● Aim of the exercise: Each line below from the one containing "Chaenomeles cathayensis: They" through the one containing "胸元の大きなリボンモチーフが目を引くエレガントなキャバドレスです。" should be output exactly as it stands, and no other line should appear.

Start of Data shown

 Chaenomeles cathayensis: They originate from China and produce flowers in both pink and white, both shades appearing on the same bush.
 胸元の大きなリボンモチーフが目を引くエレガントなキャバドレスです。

End of Data shown
Start of Data shown

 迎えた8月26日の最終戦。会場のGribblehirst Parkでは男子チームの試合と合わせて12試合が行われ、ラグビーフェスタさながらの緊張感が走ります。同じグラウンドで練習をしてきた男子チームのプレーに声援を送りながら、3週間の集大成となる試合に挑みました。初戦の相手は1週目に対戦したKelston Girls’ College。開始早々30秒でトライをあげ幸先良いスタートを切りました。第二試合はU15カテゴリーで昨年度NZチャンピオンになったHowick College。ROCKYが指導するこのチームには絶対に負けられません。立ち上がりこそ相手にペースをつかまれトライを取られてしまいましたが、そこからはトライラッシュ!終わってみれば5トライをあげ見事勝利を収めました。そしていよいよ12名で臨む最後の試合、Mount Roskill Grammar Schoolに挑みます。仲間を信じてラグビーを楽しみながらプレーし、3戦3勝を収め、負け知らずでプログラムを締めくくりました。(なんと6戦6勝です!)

End of Data shown

● Task solution:
 Chaenomeles cathayensis: They originate from China and produce flowers in both pink and white, both shades appearing on the same bush.
 胸元の大きなリボンモチーフが目を引くエレガントなキャバドレスです。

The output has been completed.